• _Work to complete_
In the entries below, begin at the line that has "Rare 60/70’s Era", stop after the line that has "This 2-bedroom +", and output those lines exactly with no pictures.

• _Supplied material_
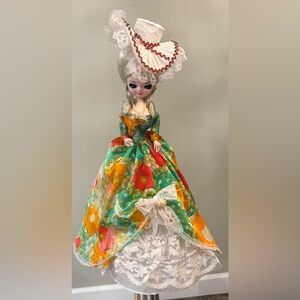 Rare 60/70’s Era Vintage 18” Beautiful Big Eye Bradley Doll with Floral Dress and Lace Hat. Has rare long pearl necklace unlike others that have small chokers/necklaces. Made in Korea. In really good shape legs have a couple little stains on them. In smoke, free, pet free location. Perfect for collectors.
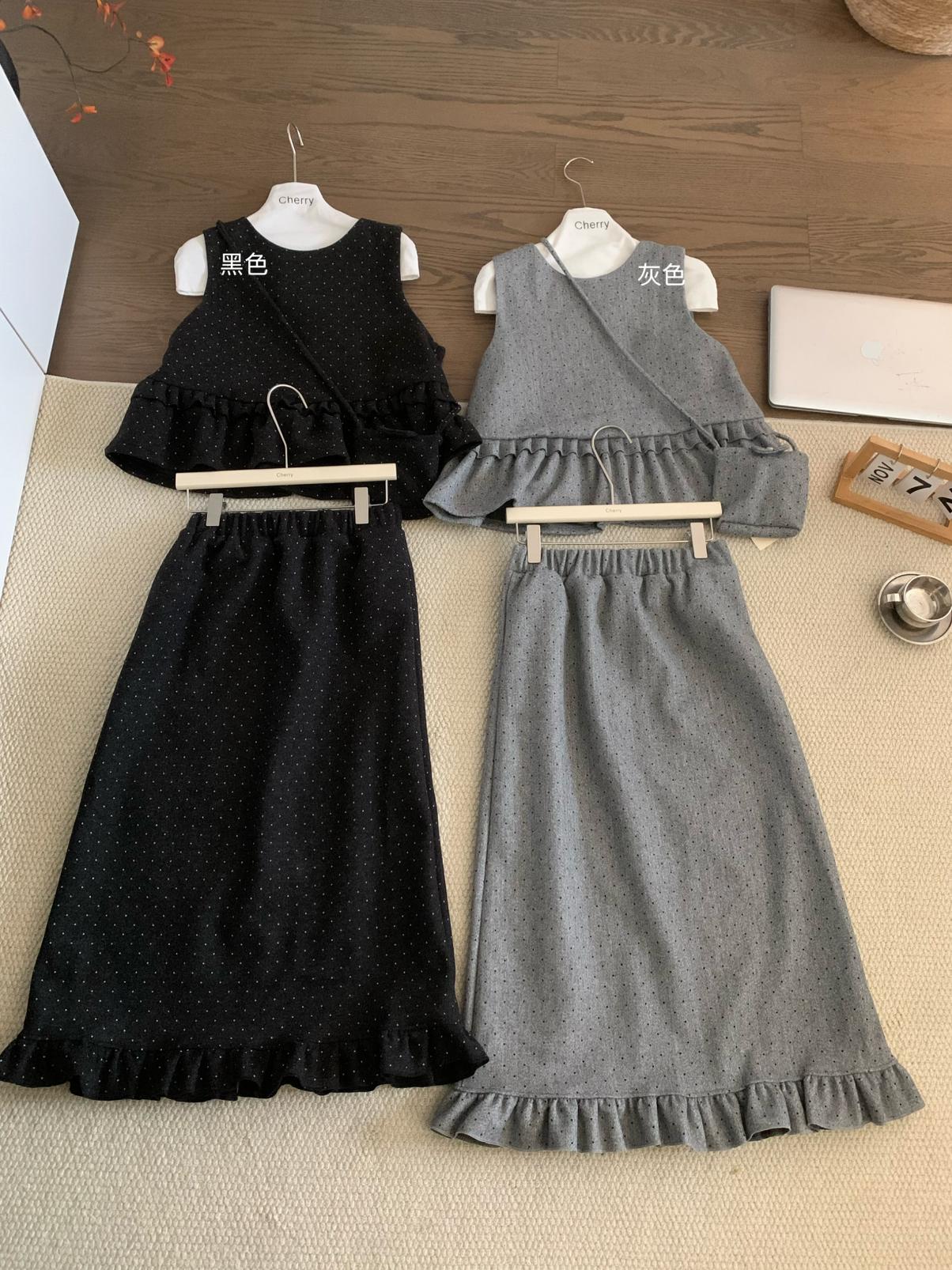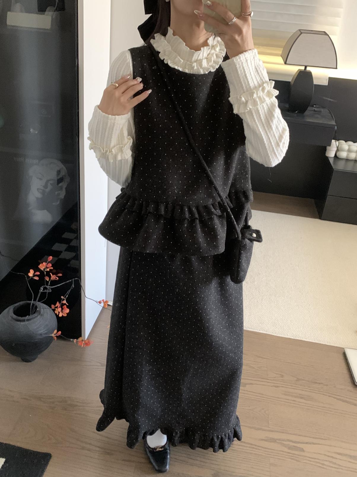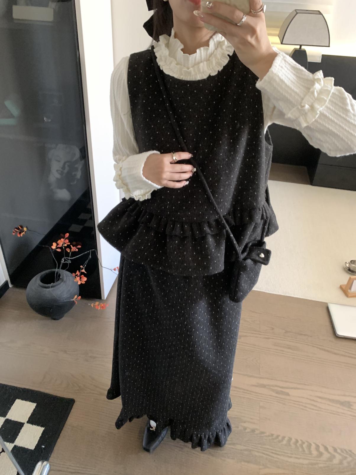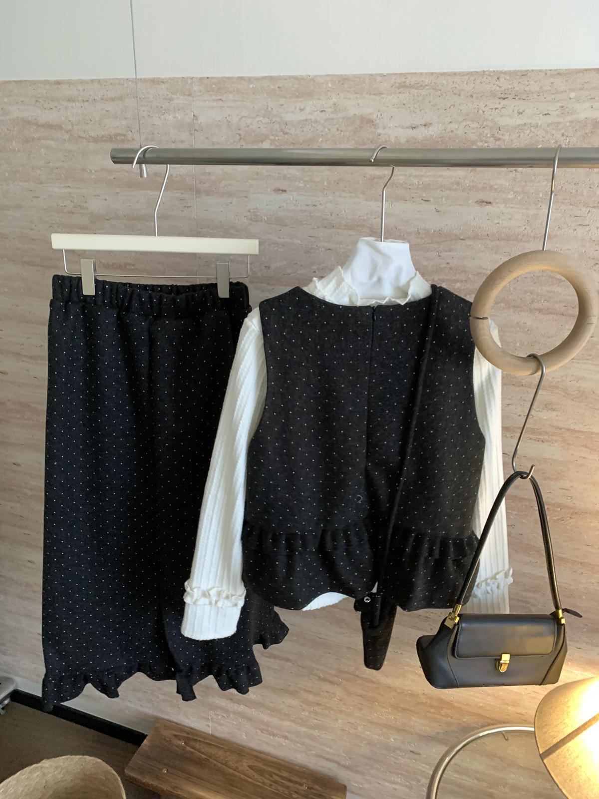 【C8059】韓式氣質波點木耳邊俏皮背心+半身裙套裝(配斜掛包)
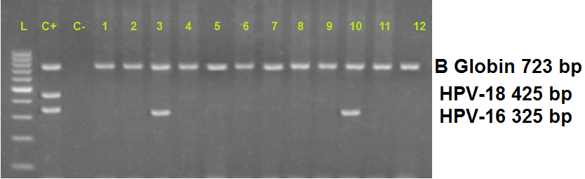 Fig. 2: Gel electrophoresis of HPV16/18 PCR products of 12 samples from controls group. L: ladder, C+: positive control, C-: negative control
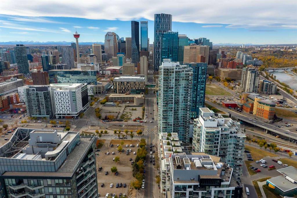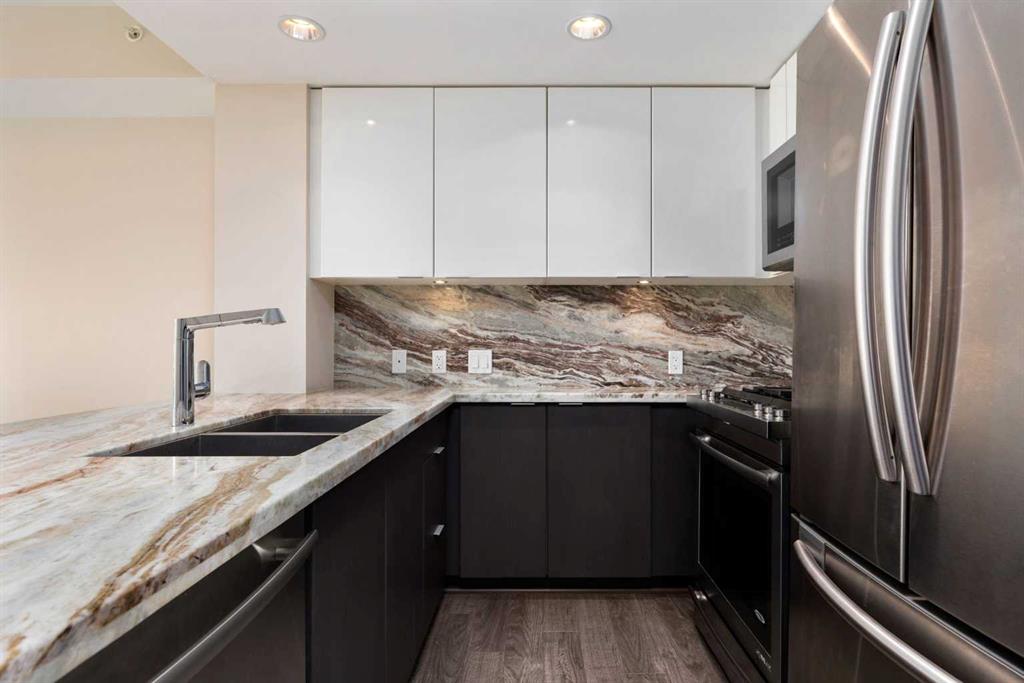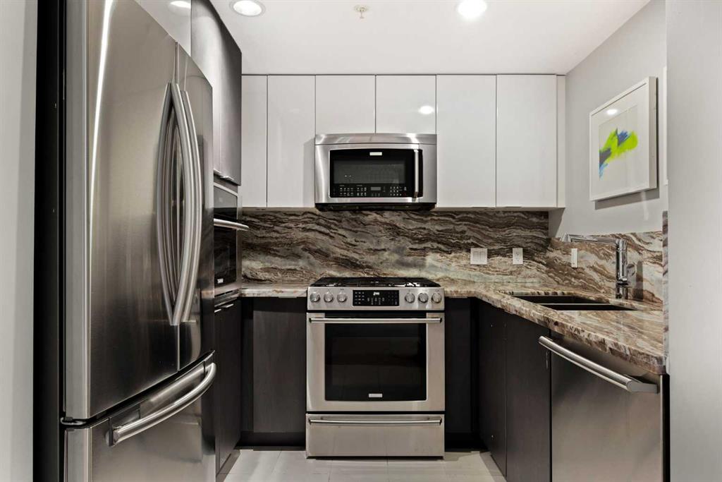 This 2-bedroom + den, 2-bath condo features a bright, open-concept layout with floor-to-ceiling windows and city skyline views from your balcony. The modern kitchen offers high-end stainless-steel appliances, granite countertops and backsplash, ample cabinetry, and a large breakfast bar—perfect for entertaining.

--

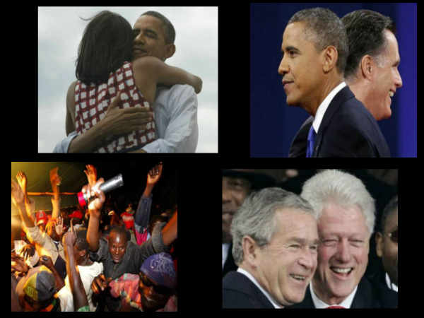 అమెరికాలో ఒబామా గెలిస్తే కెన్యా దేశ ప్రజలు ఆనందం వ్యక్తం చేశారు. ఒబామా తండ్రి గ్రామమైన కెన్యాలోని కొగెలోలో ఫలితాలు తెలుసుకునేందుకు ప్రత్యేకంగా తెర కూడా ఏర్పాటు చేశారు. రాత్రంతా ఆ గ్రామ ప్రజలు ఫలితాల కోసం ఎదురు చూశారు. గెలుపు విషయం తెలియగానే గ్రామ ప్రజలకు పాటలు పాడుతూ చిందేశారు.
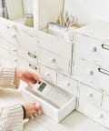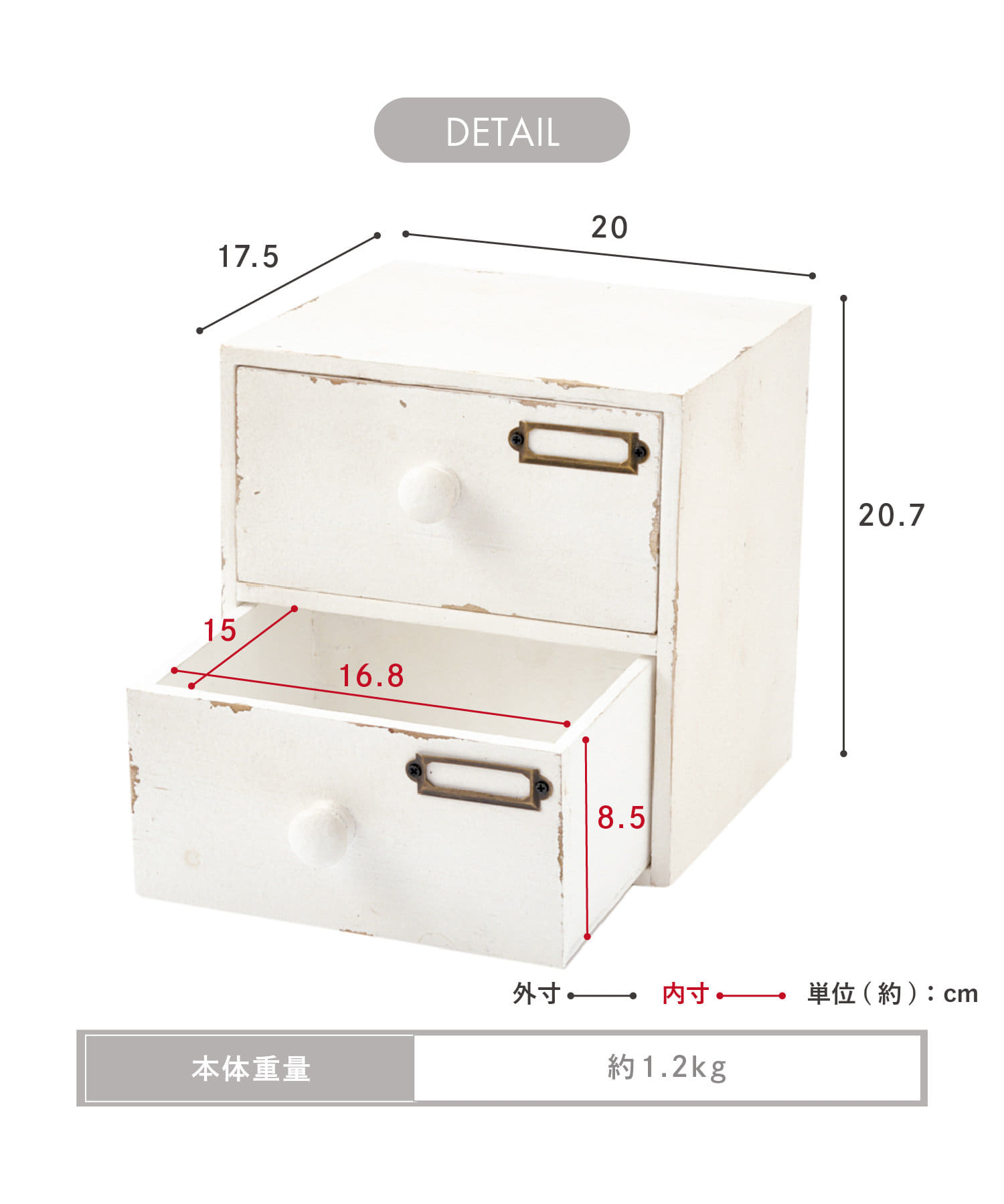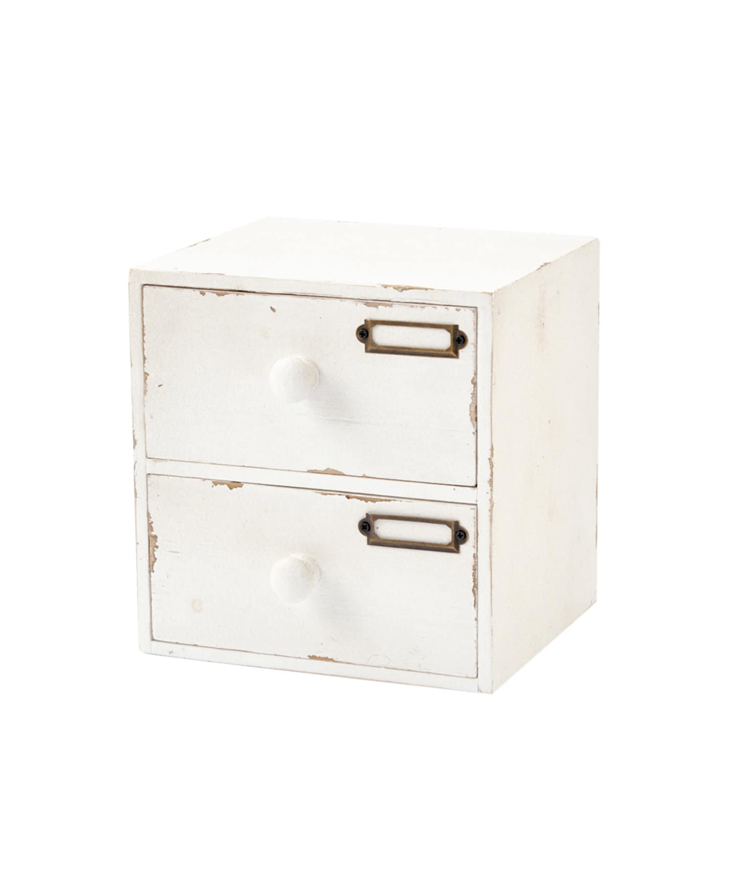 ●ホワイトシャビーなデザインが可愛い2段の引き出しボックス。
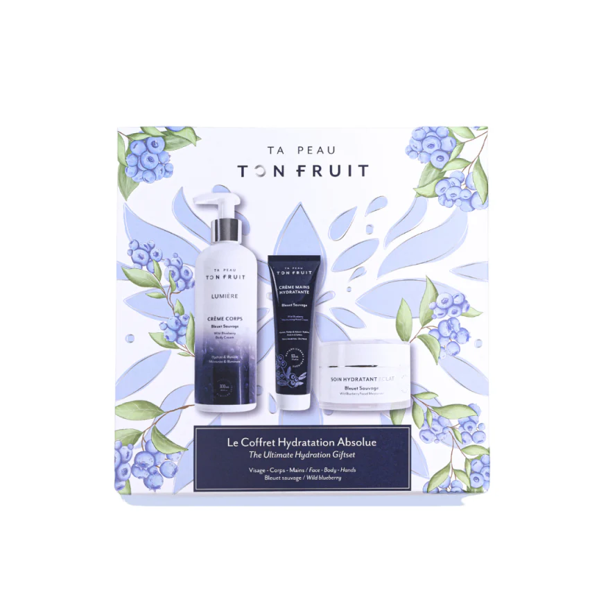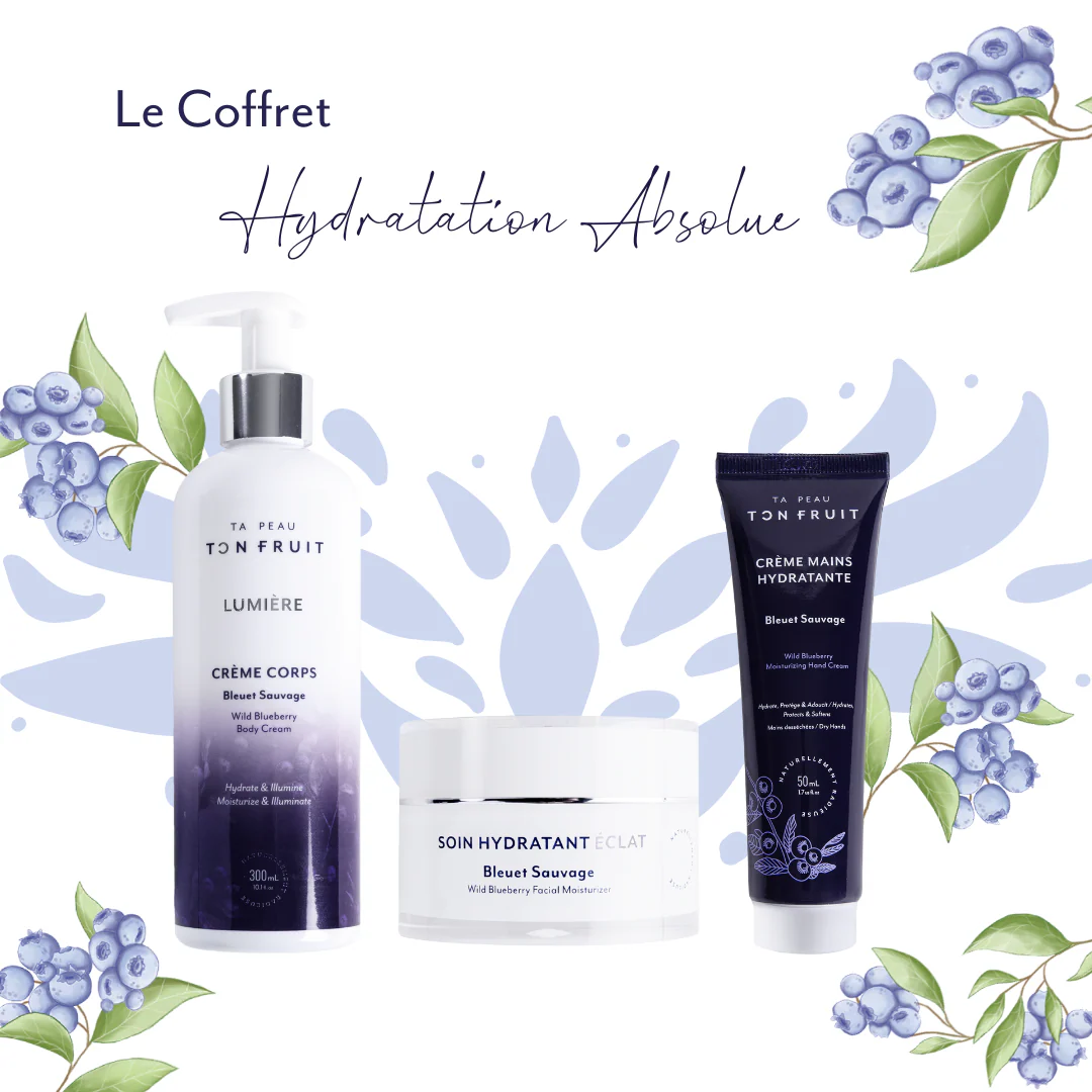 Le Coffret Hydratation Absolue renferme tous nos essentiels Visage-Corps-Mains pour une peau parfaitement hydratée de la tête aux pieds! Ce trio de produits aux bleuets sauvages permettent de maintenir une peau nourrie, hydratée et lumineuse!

* * *

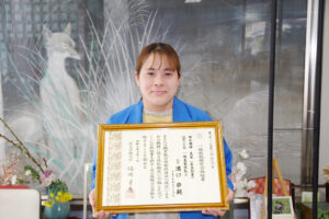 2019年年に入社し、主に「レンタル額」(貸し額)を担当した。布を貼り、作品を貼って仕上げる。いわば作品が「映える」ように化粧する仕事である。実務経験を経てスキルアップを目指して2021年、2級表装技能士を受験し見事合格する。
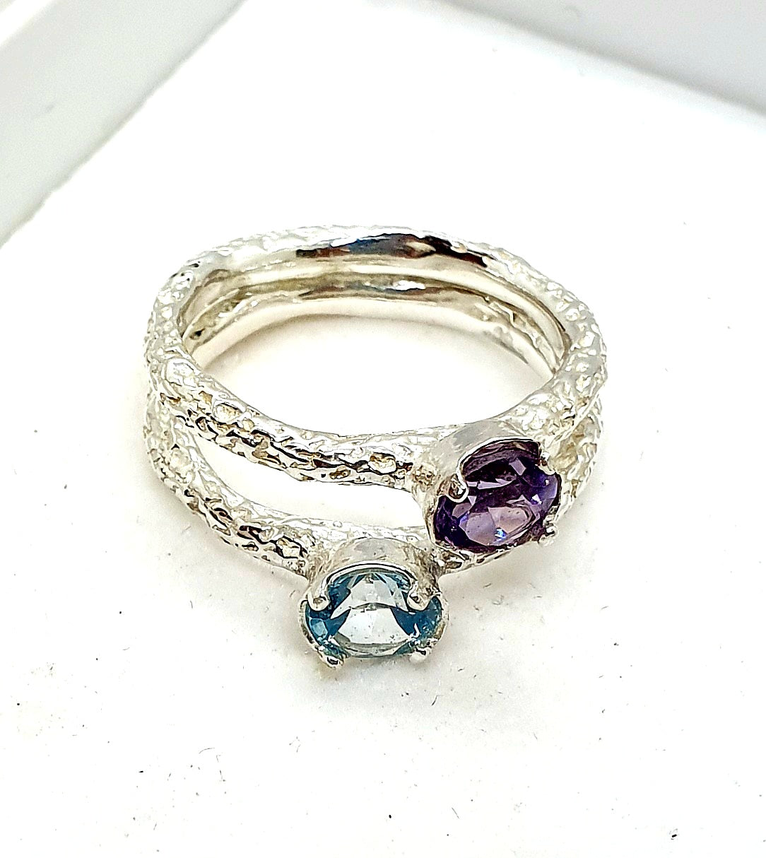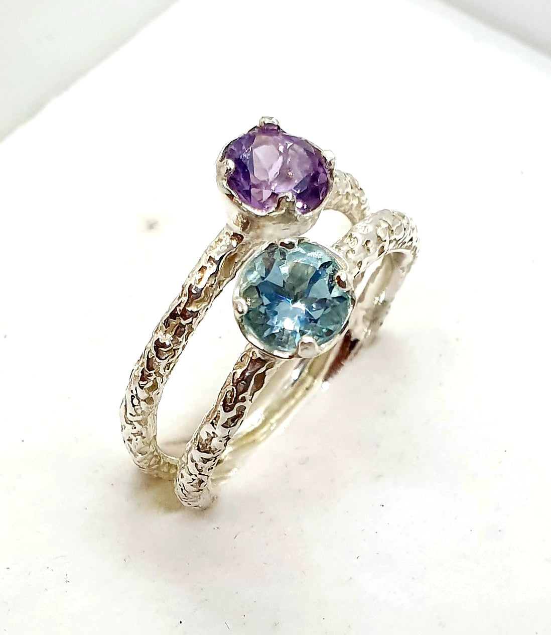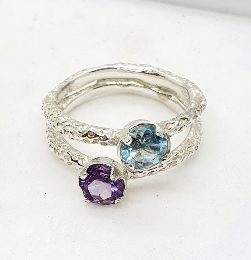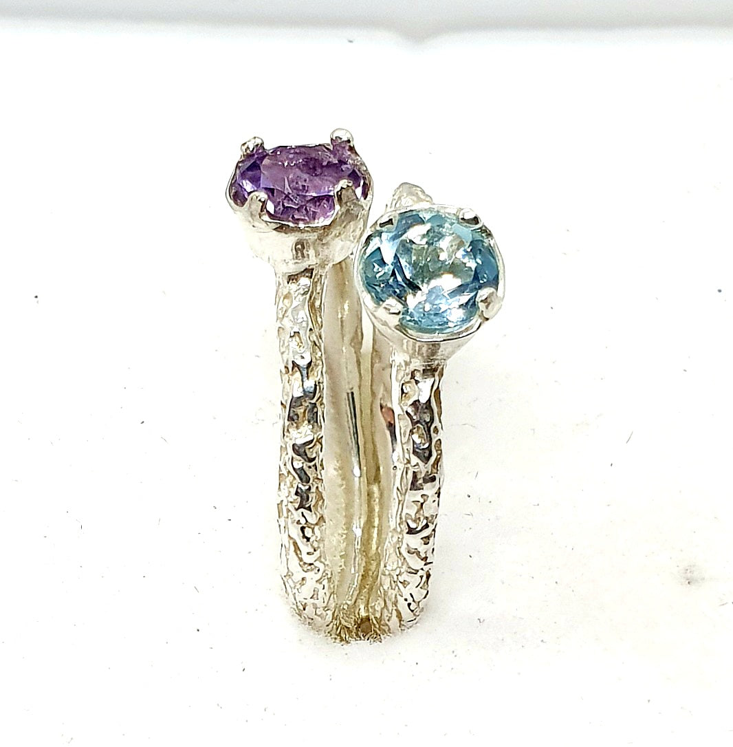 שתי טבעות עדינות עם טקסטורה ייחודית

• _Answer space_
 Rare 60/70’s Era Vintage 18” Beautiful Big Eye Bradley Doll with Floral Dress and Lace Hat. Has rare long pearl necklace unlike others that have small chokers/necklaces. Made in Korea. In really good shape legs have a couple little stains on them. In smoke, free, pet free location. Perfect for collectors.
 【C8059】韓式氣質波點木耳邊俏皮背心+半身裙套裝(配斜掛包)
 Fig. 2: Gel electrophoresis of HPV16/18 PCR products of 12 samples from controls group. L: ladder, C+: positive control, C-: negative control
 This 2-bedroom + den, 2-bath condo features a bright, open-concept layout with floor-to-ceiling windows and city skyline views from your balcony. The modern kitchen offers high-end stainless-steel appliances, granite countertops and backsplash, ample cabinetry, and a large breakfast bar—perfect for entertaining.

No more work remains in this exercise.